Indigenous peoples concerned with bio-colonialism say they have ethical concerns about National Geographic's Genographic Project, which will study indigenous DNA to map human migratory history.
Launched in April and scheduled to span five years, the Genographic Project will be carried out by scholars in 10 regional centers around the world, lead by the National Geographic Society in partnership with IBM and the Waitt Family Foundation, which will provide technical and financial support.
The researchers intend to gather 100,000 DNA samples from indigenous peoples around the world, and also sell DNA swab kits to anyone else who wants to learn about their genetic origins. Part of the proceeds from the sale of the kits will go toward the Genographic Legacy Fund to support indigenous education and development programs.
According to Spencer Wells, a population geneticist and the director of the project, the genetic data collected by the project, combined with archeological, linguistic, and historical evidence, will allow scientists to gain deeper insights into human origins, diversity, and migration routes around the world.
But some indigenous people say that the project falls short of ensuring that the benefits of the research to its participants outweigh the risks. "They cannot come up with any tangible benefits for the indigenous community," said Debra Harry, executive director of the Indigenous Peoples Council on Biocolonialism (IPCB), in a phone interview. "Promoting diversity and protecting indigenous peoples [as the project claims to do] could be done without taking our DNA."
Homo sapiens are believed to have evolved some 200,000 years ago and started their migration out of East Africa some 50,000 to 60,000 years ago. DNA has been used to research patterns of human diversity for several decades, but the scale of such studies have been insufficient to draw a comprehensive picture. "We have a glance at the forest, if you will, but not a very good idea about the trees," said Wells, who called the genographic project a moon shot of anthropology.
The risks, on the other hand, are many, Harry said. Project findings may contradict indigenous oral traditions about their origins. In addition to psychological damage, this may cause political harm. "How can they control that these findings will not be used against indigenous peoples?" Harry asked.
Security is another concern. While the project team says that IBM's databases provide the most sophisticated data protection, IPCB is not convinced. With 10 fieldwork centers operating rather autonomously, the collected genetic data may be at risk of unauthorized secondary uses.
In the past, genetic material gathered under academic pretenses from the Nuu-cha-nulth of British Columbia, Canada, and the Havasupai Tribe of Arizona was reused for other research without the groups consent.
IPCB recently met with the Genographic Project team to discuss its concerns and review the protocols of the Institutional Review Board (IRB) at the University of Pennsylvania that granted an approval for the North American fieldwork to commence.
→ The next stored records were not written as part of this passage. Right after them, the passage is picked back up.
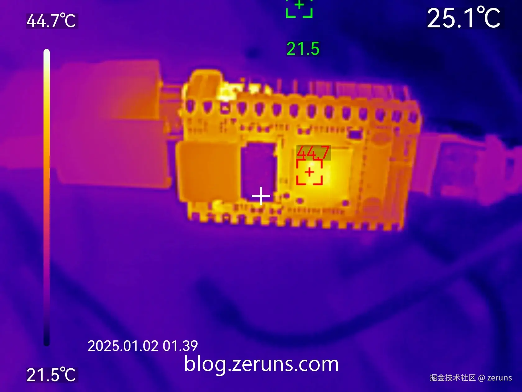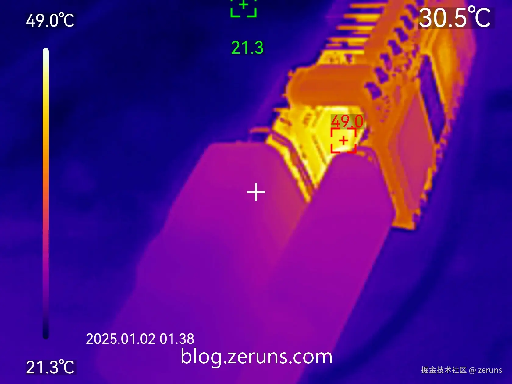 NanoKVM Lite版 插入网线和HDMI后工作一段时间的热成像图,室温21度左右,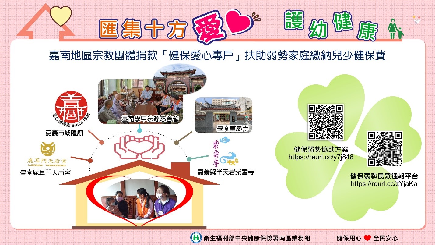 中央健康保險署為扶助弱勢邊緣戶家庭,主動積極尋求民間在地宗教資源,成功轉介臺南市學甲法源禪寺慈善會認養14位弱勢兒少未來每月的健保費,亦獲得臺南市重慶寺、鹿耳門天后宮、嘉義市城隍廟、嘉義縣半天岩紫雲寺等捐款「健保愛心專戶」,協助弱勢兒少繳清健保欠費,為受助者注入善能量。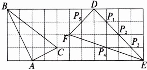 4. 如图,在边长为 1 的小正方形组成的网格中,$\triangle ABC和\triangle DEF$的顶点都在格点上,点$P_{1}$,$P_{2}$,$P_{3}$,$P_{4}$,$P_{5}是\triangle DEF$边上的 5 个格点. 回答下列问题: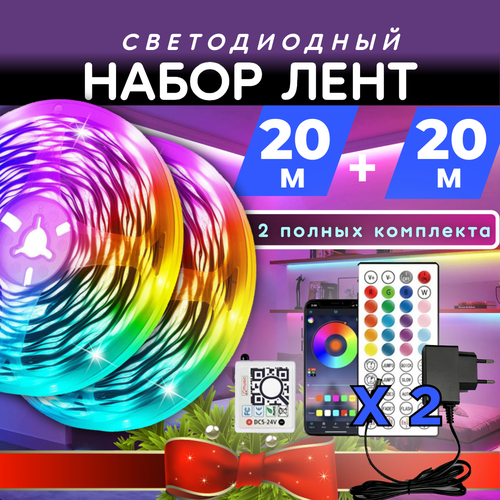 Набор светодиодных лент 20 + 20 метров RGB, с пультом управления и блоком питания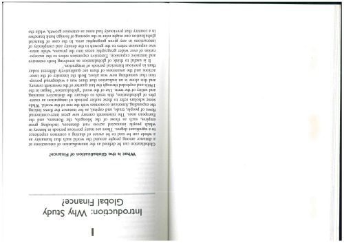 شامل فصل‌هایی در مورد بانکداری، بازارهای اوراق بهادار، سرمایه‌گذاری مستقیم خارجی، اقتدار خصوصی، نقش کشورهای در حال توسعه و در حال گذار، جامعه مدنی جهانی، جنسیت، سیاست‌های ریسک و بحران‌های مالی و دموکراسی است.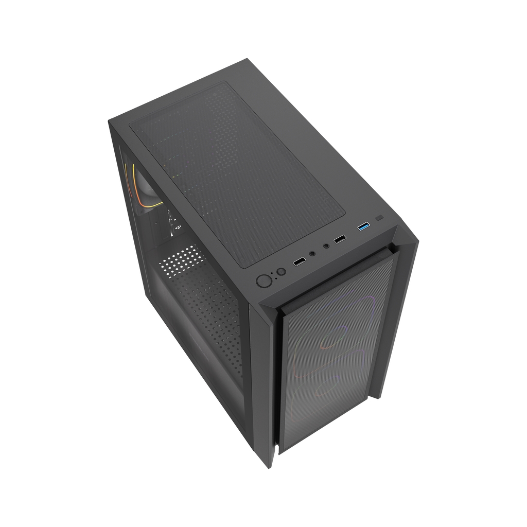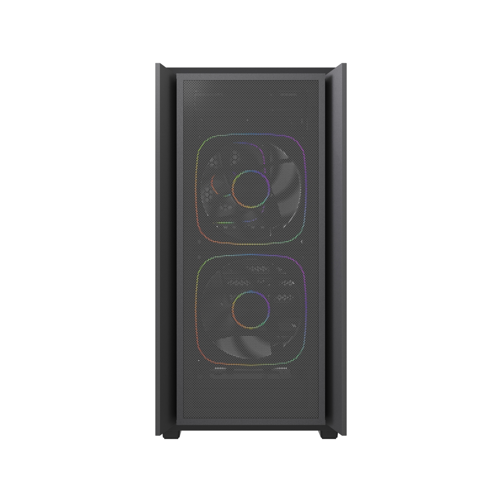 Размеры (ШхВхГ): 195x387x345mm,SPCC 0.45mm.CPU кулер 160мм (макс),VGA 300mm, PSU 160mm. Слоты: 3,5"х1, 2,5"х2, 4xPCI. Охлаждение: Front: 2х120мм ARGB fans (inc.). Top: 2х120мм, Rear: 1х120мм ARGB fan (inc.). I/O Panel: USB3.0 x 1 / USB2.0 x 2 , HD audio.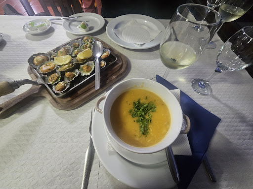 We started with the fish soup, which was creamy, rich, and full of flavor. Next came the limpets, served with butter and garlic—simple yet absolutely delicious. For the main course, we had the Cataplana de Peixe, a seafood stew with fish, shrimp, and limpets, accompanied by rice. The sweetness of the onions balanced the dish beautifully. Though it’s listed as a portion for two, it could easily feed a family of four!

The purpose of the IRB is to ensure that the ethical norms of human research are properly met and the rights of human participants protected.
"If these are the standards that are going to be adhered to worldwide, then we are even more worried than before," says Debra Harry. "Because the project is privately funded it will not have the kind of scrutiny that a publicly funded project would."
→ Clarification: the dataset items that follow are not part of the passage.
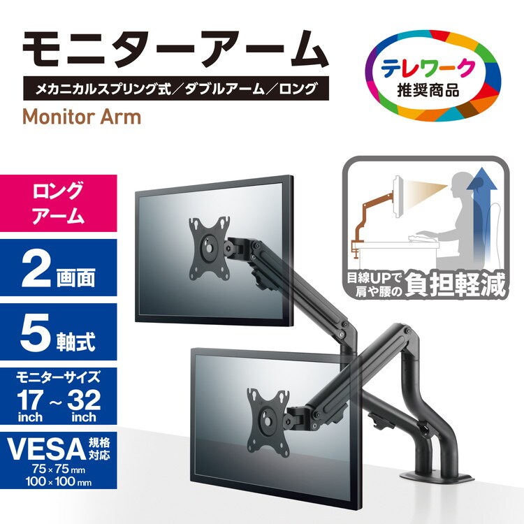 ■17~32インチサイズのモニターに対応するロングアームのメカニカルスプリング式ダブルモニターアームです。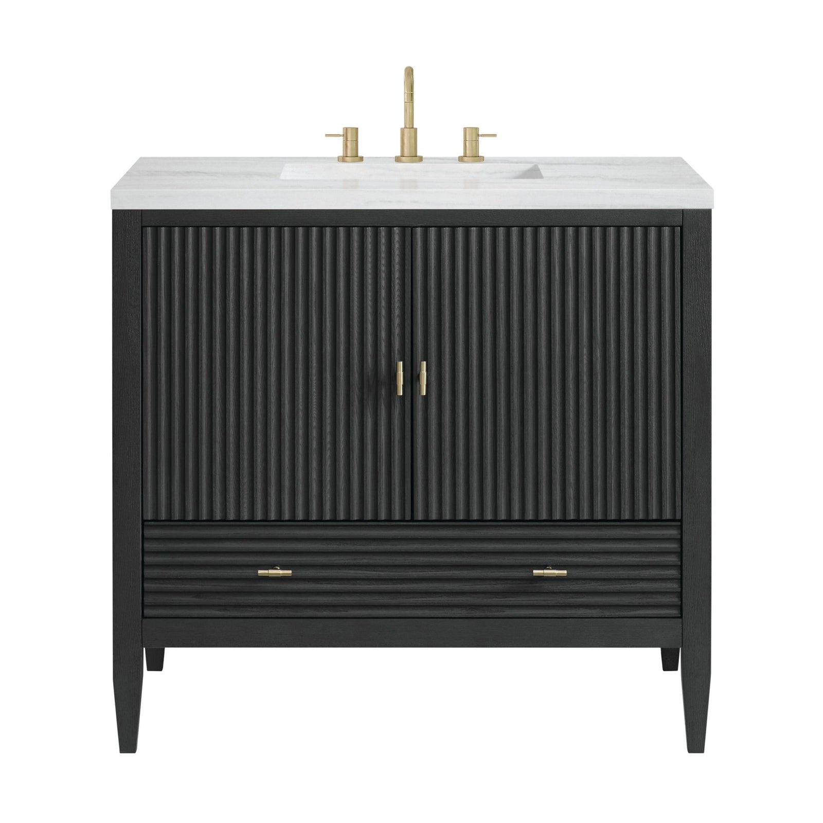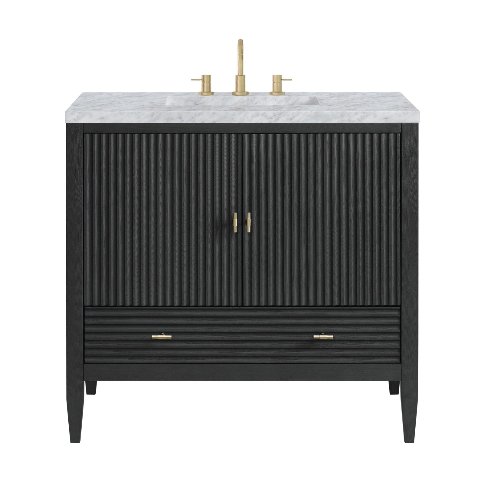 Myrrin 36" Vanity, Carbon Oak w/ 3 CM Carrara White Marble Top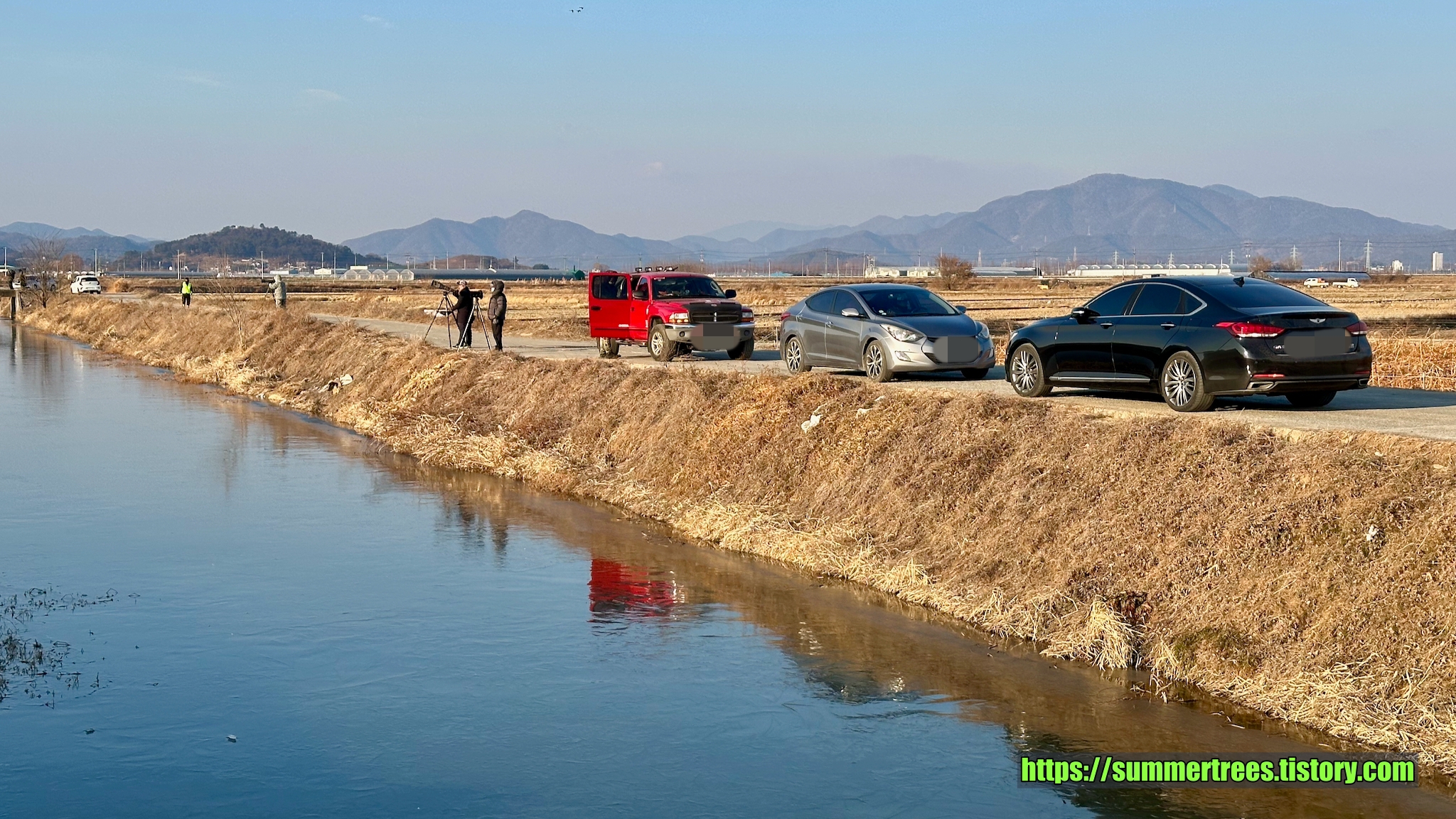 주남저수지 부근을 드라이브했는데 철새사진을 찍으려는 대포카메라들이 많았다.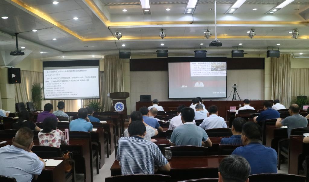 7月31日上午,省委教育工委举行全省教育系统《习近平谈治国理政》第三卷学习辅导报告会。省委党校副校长胡忠明教授解读《习近平谈治国理政》第三卷,省委教育工委书记钱桂仑主持报告会,并就全省教育系统和委厅机关学习宣传贯彻《习近平谈治国理政》第三卷进行动员部署。beat365官网在办公楼南二楼会议室设分会场组织收看视频学习辅导报告会,校领导孙晓峰、柳友荣、王延寿、汪海、阳光宁,全体中层干部、专职思政课教师等哲学社会科学教师代表、辅导员代表等参加观看。

IPCB spent much of the 1990s protesting the Human Genome Diversity Project (HGDP), another genetic research project that eventually failed to obtain public funding or an endorsement from international institutions. The Genographic Project has been quick to distance itself from HGDP. Planners say that even though the two projects have similar goals, the methods differ and none of the research findings from the Genographic Project will be patented. All of the information for the new project will be released into the public domain.
But IPCB members say they are disturbed that one of HGDP's major proponents, prominent population geneticist and Wells's former mentor Luca Cavalli-Sforza, now serves on the Genographic Project advisory board.
More importantly, Harry says, the Genographic Project—like HGDP before it—failed to engage indigenous peoples in the structuring of the research. "The project is centered around indigenous peoples and they would have to be involved in posing the questions of the research itself," Harry said. "There have been no such consultations. It is simply scientific arrogance."
The Genographic Project team insists that ongoing consultations with indigenous leaders are part of the project. "We do not see the indigenous peoples as 'subjects' of the research, but as collaborators," Wells said. "The project has celebrating cultures and diversity at its core; it is not a genetic research, but an anthropological study that simply uses genetic tools."
Despite these assurances, IPCB plans to launch a public campaign to ensure that indigenous communities can make fully informed decisions about the study. "The indigenous peoples network is strong and many look up to IPCB to take up a stance and look critically at every new genetic study that involves them," Harry said.